WheatonCS / Lexos

Python/Flask-based website for text analysis workflow. Previous (stable) release is live at:
http://lexos.wheatoncollege.edu
MIT License
120 stars 20 forks source link

K-Means definitions #711

Closed Weiqi97 closed 6 years ago

Weiqi97 commented 6 years ago

I got a bit confused working on K-Means. In current master/live server, we define PCA and Voronoi to be two different visualizations of the K-Means clustering result. However, I think K-Means, PCA and Voronoi are three different things.

scottkleinman commented 6 years ago

Is there an implementation issue that we need to change here or do we need to make clearer how the visualisations are implemented (either in the UI or in In the Margins)?

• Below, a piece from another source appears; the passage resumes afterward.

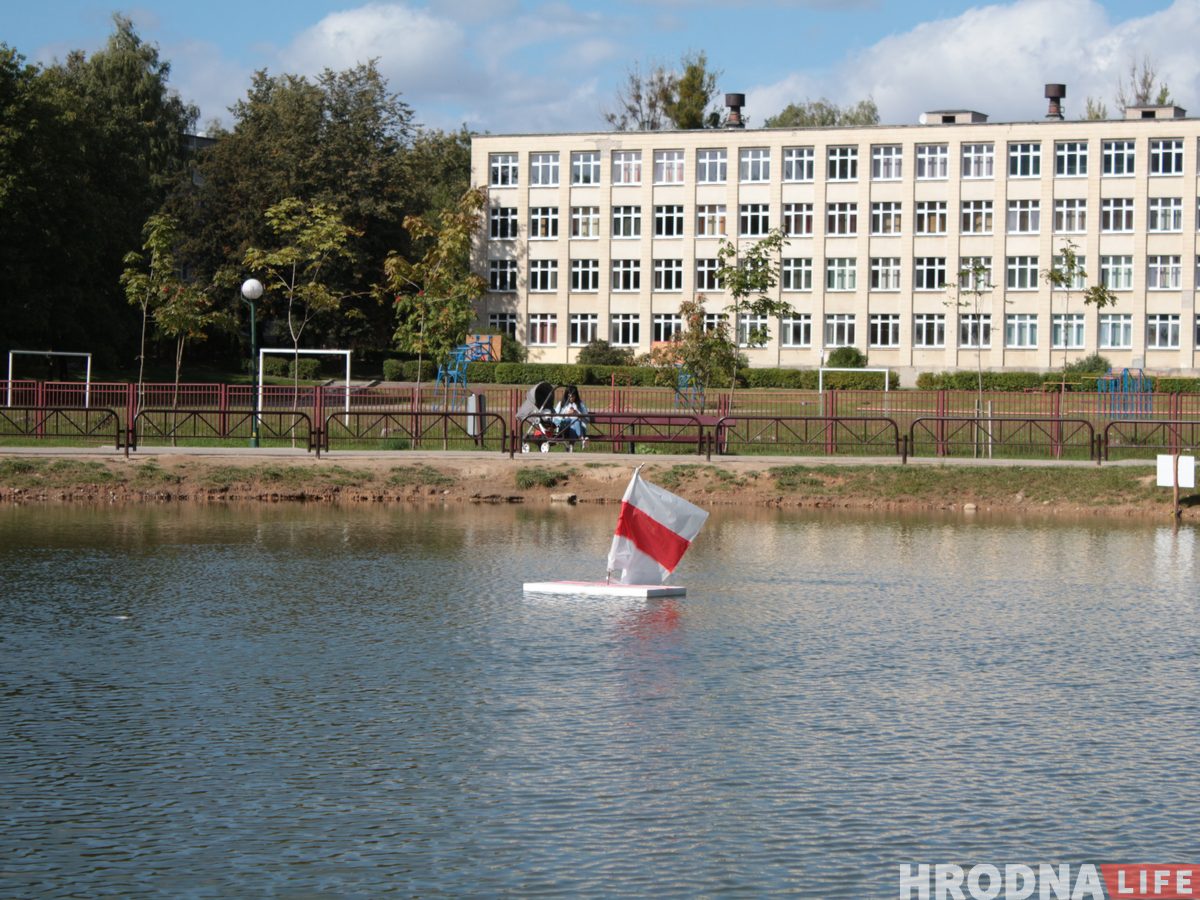 13 сентября в сквере Памяти воинов-афганцев по улице Курчатова в Гродно несколько сотрудников МЧС в сопровождении милиции снимали с середины пруда бело-красно-белый флаг. Чтобы его ликвидировать, были задействованы два автомобиля МЧС и машина милиции. «Спасал» флаг из пруда сотрудник в экипировке водолаза, для этого он выплыл в центр пруда на лодке со страховкой. Местные жители собрались посмотреть на операцию.

mleblanc321 commented 6 years ago

well, i don't think our methods are wrong; ... yes, but clarity is (really) needed

i was (also) surprised that k-means (on server, v3.1.1) performs PCA before both visualizations (PCA vs. Voronoi); my stats fail me here (as to why folks often use PCA prior to clustering)

@Weiqi97 noted that SciPy has a specific Voronoi method, independent of (but similar to) k-means;

scottkleinman commented 6 years ago

I haven't looked closely at the documentation, so maybe I'm missing something, but isn't it because clustering takes place based on distances in Cartesian space, which can be calculated based on the points after PCA's dimensionality reduction? But clustering can also be done without this pre-processing step.

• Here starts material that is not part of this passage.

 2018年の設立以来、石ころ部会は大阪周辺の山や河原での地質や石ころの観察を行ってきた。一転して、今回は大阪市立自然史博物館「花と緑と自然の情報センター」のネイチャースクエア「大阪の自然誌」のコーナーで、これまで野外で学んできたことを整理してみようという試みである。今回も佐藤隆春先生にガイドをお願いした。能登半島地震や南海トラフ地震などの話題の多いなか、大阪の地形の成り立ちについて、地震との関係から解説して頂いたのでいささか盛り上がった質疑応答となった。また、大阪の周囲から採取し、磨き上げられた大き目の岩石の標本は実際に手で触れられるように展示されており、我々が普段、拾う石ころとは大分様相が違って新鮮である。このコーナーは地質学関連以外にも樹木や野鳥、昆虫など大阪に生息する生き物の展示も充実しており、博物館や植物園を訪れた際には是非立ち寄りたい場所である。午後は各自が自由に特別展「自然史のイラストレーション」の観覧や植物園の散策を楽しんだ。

Weiqi97 commented 6 years ago

I did not use the Voronoi method from SciPy library. Instead, I changed the visualization method name from PCA to 2D-Scatter. Also a 3D-Scatter visualization method was added. In the documentation, we should mention that we perform PCA with 2 components before Voronoi and 2D-Scatter, as well as saying that we perform PCA with 3 components before 3D-Scatter.

Weiqi97 commented 6 years ago

758 resolved the problem discussed here.